Records from a collection
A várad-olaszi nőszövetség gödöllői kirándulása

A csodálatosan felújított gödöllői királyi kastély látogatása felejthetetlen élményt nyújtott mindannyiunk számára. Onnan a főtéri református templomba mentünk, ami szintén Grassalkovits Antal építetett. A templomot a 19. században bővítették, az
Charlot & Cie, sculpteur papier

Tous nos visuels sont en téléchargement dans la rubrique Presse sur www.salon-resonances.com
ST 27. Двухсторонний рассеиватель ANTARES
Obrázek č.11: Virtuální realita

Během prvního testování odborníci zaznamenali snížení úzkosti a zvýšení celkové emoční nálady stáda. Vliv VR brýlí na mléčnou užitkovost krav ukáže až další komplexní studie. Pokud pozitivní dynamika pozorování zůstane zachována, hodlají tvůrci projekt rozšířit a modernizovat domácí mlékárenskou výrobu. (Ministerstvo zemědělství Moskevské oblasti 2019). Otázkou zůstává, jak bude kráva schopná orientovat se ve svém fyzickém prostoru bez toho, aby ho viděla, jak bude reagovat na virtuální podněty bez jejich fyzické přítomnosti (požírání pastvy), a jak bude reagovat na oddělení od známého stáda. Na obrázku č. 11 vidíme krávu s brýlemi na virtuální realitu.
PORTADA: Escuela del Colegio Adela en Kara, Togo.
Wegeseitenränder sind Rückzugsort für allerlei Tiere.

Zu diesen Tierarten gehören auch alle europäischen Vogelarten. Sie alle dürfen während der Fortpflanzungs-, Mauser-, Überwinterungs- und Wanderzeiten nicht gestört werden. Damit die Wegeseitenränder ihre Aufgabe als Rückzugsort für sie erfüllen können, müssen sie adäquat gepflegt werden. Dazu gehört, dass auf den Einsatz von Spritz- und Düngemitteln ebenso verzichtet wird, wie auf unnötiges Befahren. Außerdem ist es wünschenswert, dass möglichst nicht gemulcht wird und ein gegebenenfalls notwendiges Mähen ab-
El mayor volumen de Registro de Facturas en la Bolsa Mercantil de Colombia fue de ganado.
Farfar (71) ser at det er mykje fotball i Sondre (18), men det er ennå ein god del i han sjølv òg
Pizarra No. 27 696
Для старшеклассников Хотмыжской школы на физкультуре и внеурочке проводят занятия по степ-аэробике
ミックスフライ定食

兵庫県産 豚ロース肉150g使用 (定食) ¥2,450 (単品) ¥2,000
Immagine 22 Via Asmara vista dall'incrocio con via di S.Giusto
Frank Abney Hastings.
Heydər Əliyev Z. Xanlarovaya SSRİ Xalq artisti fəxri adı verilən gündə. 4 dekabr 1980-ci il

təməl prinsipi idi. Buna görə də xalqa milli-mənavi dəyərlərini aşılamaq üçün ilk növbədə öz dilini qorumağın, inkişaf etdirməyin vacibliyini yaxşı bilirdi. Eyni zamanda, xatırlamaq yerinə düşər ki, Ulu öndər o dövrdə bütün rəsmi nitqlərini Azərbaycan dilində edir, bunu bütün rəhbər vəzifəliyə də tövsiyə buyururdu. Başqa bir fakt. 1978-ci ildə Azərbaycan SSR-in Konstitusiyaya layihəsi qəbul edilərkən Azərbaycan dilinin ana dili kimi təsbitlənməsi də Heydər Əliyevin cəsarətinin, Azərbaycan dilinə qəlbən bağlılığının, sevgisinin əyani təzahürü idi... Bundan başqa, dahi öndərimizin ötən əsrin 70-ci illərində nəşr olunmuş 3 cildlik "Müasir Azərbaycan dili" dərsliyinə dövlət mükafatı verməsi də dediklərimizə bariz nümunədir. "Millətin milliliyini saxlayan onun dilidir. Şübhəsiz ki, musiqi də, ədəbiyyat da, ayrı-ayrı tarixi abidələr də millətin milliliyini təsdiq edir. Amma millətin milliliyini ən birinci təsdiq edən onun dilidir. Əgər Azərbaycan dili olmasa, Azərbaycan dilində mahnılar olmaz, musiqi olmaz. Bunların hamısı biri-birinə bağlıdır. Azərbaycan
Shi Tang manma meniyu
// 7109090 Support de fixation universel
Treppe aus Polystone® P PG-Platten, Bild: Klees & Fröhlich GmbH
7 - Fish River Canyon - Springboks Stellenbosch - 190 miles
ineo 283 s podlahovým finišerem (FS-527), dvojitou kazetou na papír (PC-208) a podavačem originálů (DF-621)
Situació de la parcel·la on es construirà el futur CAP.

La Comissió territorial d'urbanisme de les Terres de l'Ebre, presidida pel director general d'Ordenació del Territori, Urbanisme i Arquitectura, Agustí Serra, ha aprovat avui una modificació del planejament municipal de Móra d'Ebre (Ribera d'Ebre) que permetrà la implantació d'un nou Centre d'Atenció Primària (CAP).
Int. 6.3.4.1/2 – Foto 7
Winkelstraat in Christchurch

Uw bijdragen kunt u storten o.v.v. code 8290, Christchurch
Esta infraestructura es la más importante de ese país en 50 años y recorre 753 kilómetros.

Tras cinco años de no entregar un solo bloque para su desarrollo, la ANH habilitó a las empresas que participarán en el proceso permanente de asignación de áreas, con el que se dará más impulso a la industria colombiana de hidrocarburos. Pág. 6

• _YOUR ASSIGNMENT_: Within the data above, how many lines include "años"? The number alone is the answer.

• _TASK RESPONSE_: 2